Among other bug fixes, you can find configuration defaults. Apache Spark 3.0 sets the default value for spark.kafka.sasl.kerberos.service.name property to kafka.

Apart from that, the integration solves the problem of properties. KafkaContinuousStream class has a property called pollTimeoutMs. This parameter defines how long the client will wait for the data arriving from the broker, ie. how long it will block with a poll() call. In previous versions this value was always set to default 512 ms because it was retrieved from lower cased properties defined in KafkaProvider (kafkaconsumer.polltimeoutms) and it was expected to be defined in camelCase-style (kafkaConsumer.pollTimeoutMs). To fix this issue, and at the same time avoid similar ones in the future, Apache Spark 3.0 uses now org.apache.spark.sql.util.CaseInsensitiveStringMap as the input passed to KafkaContinuousStream:

class KafkaContinuousStream(
    private[kafka010] val offsetReader: KafkaOffsetReader,
    kafkaParams: ju.Map[String, Object],
    options: CaseInsensitiveStringMap,
    metadataPath: String,
    initialOffsets: KafkaOffsetRangeLimit,
    failOnDataLoss: Boolean)

The final change from that category is the support of Apache Kafka 2.4.1 (not really a bug fix but didn't know where to put it :P).

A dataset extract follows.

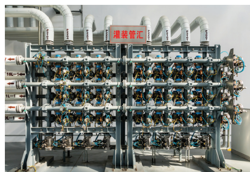
Готовый манифольд, оснащенный 8 входами и 6 выходами.

That's all I found for Apache Kafka integration improvements. Personally, I missed out on the delegation token support in 2.4, so that's why I covered it pretty widely at the beginning of the post. But apart from that, there are some other interesting changes in the source code, like the metadata support through headers reading and the last bug fix introducing a new way to manage producer's pool to handle their expiration time correctly.